Pemberian jatah WFA itu dilakukan agar tidak ada penumpukan arus mudik menjelang Lebaran.
Meski demikian, pemerintah pusat tetap meng ingatkan pelayanan tidak boleh terganggu.
Wali Kota Malang Wahyu Hidayat menuturkan, sejauh ini pemkot belum mendapatkan petunjuk teknis (juknis) pelaksanaan WFA ASN.
Hanya saja dia meyakini, aturan itu hanya untuk ASN yang tidak berhubungan langsung dengan pelayanan masyarakat.
”Konsep bekerja di mana saja ini bukan liburan. Jadi tugas harus tetap selesai, kemudian ketika dibutuhkan harus siap,” tandas Wahyu.
Dia menerangkan, meskipun tidak ngantor, ASN tetap harus melakukan laporan tiap hari kepada kepala perangkat daerah masing masing.

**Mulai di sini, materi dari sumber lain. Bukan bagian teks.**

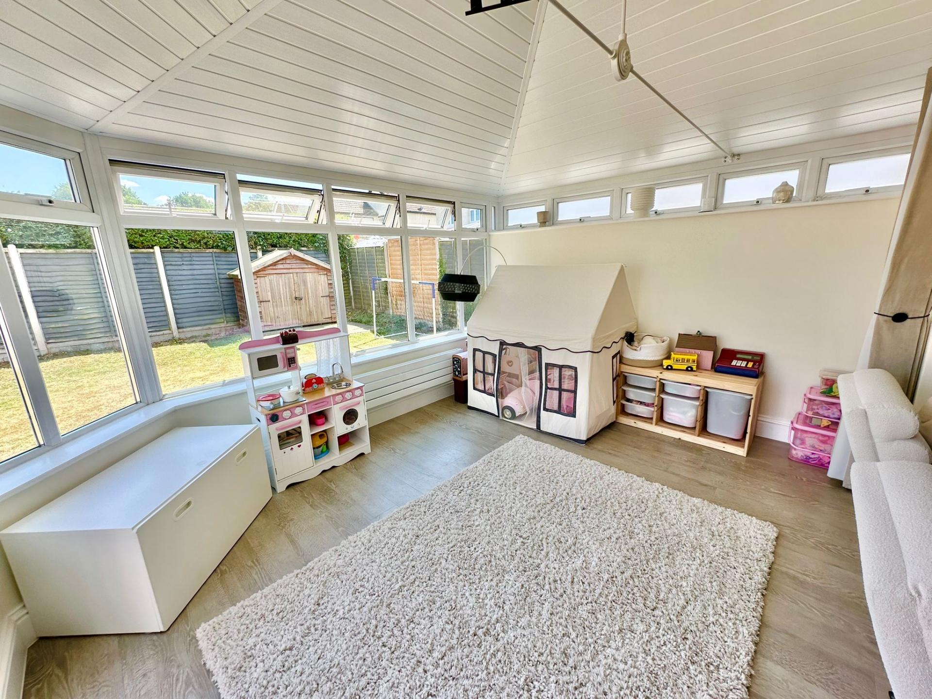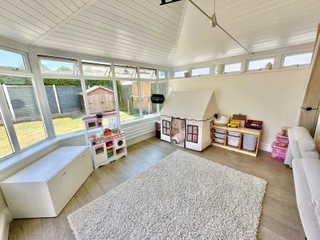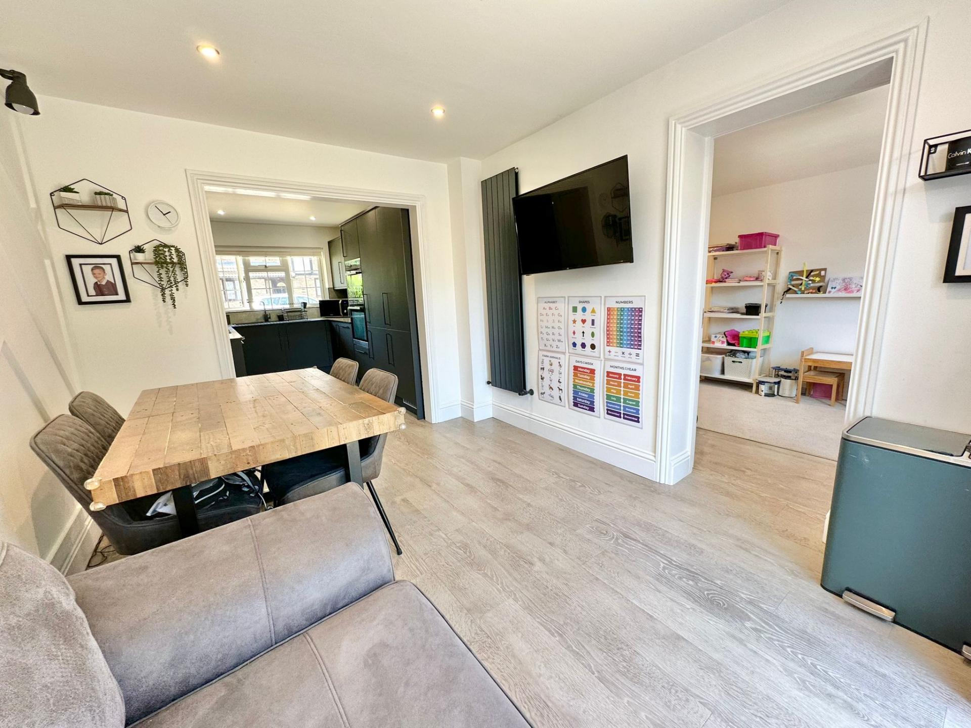 The spacious ground floor accommodation comprises a modern living room with a range of bespoke storage with recessed lighting and space for a wall-mounted TV. The living room leads through to the rear aspect dining room with French Doors leading out to the rear garden. There is also a double aspect kitchen breakfast room with doors leading out to the rear garden, a door through to the play room, space for a dining table and a matching range of eye and low-level units and integrated appliances including fridge, freezer, waist height oven with separate grill, four ring gas hob and a dishwasher. To the front of the property is a study/office with double glazed windows overlooking the front garden.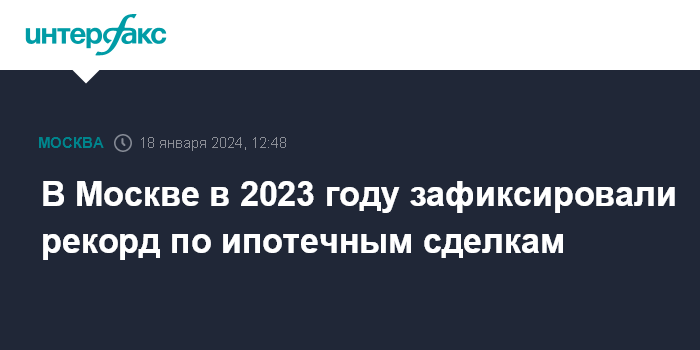 Москва. 18 января. INTERFAX.RU - Управление Росреестра по Москве зафиксировало рекордный показатель ипотечных сделок в городе в 2023 году, сообщила пресс-служба ведомства.

”Kami masih menunggu mekanismenya seperti apa nanti. Yang pasti, ASN harus tetap melaporkan kegiatannya selama bekerja di mana saja. Saya akan mengecek langsung,” tegas Wahyu.
Ketua DPRD Kota Malang Amithya Ratnanggani Sira duhitta menyarankan, aturan WFA harus dilakukan sistem shift.
Jadi nanti ASN men dapatkan jatah secara bergantian.
Tidak mungkin seluruhnya menjalankan WFA.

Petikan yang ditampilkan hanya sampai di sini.